While my Dad may have had a point, I am not sure that is the main point in regards to why centrally planned economies failed to prevail and eventually yield to totalitarian dictatorships. In the end, it seems Milton Friedman has the true answer as to why totalitarianism did not take hold: the power of market competition. As Hayek points out, the United States was at a different stage in this determined developmental cycle than the USSR or Germany. While centrally planned services were rising in the United States, it was nowhere near the levels in these other countries. As a result, when it came to it, and the world was divided into two great superpowers, by luck of history--I suppose--the United States found itself less centrally planned than the USSR. This meant that the United States was able to adapt to market considerations and develop economically in a much more effective way than the USSR. In the end, the USSR simply could not compete with the United States under the centrally planned totalitarian model, and it fell in a cold war of soft power. The fall of the USSR fortuitously led the world to realize the pitfalls that Hayek warns us of 40 years earlier. Not so much that socialism inevitably leads to totalitarianism--but that socialism is simply less effective than capitalism and thus should not be pursued.

One last note: it is interesting to think about whether Hayek would view the more socialist countries of Europe today as walking down "the road to serfdom," or whether in light of our current historical situation, he would see the possibility of a fully planned economy eliminated in the wake of the fall of the Soviet Union--any ideas anyone?

1 comment:

  1. I'm not advocating the current system where medical schools are superficially forcing a shortage of doctors.
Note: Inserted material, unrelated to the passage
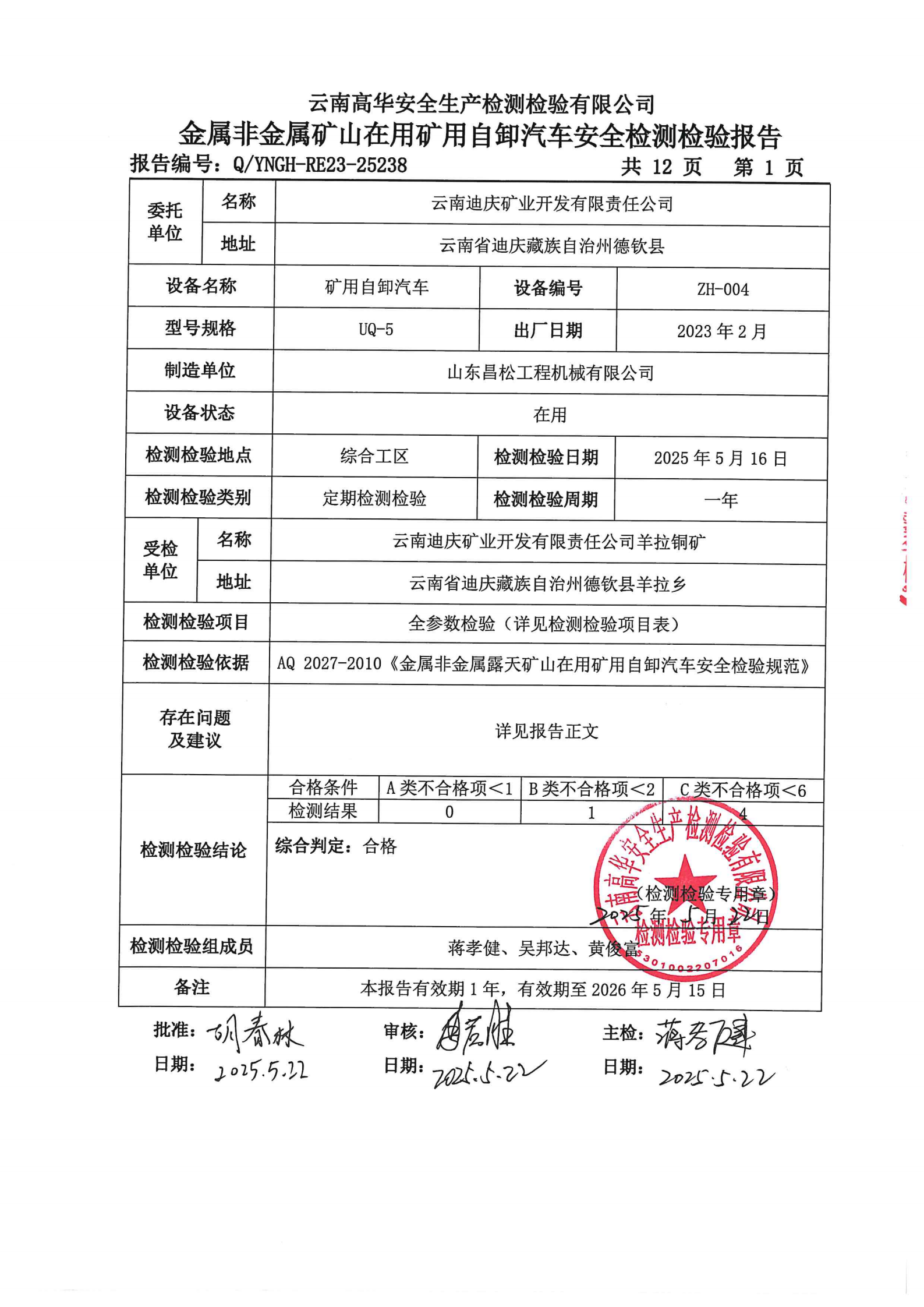 金属非金属矿山在用矿用自卸汽车安全检测检验报告

I was arguing against the abolishment of certification and testing for doctors and a system that would rely only on the market to weed out people not suited for the profession. I agree, I think it's absurd to have a shortage of doctors, and based on what you say, I'm thankful that citizenship has been dropped as a requirement to practice. I'm just not comfortable eliminating any measurement of competency for such an important profession. If we left everything up to the market (and this includes eliminating subsided services), I fear that the poor would be forced to seek attention from the least qualified people, and would only stop seeing that "doctor" when word got out that 25% of his patients had died due to malprescription. In summary: Yes to increasing doctors, no to eliminating any standard training or testing for relevant qualification.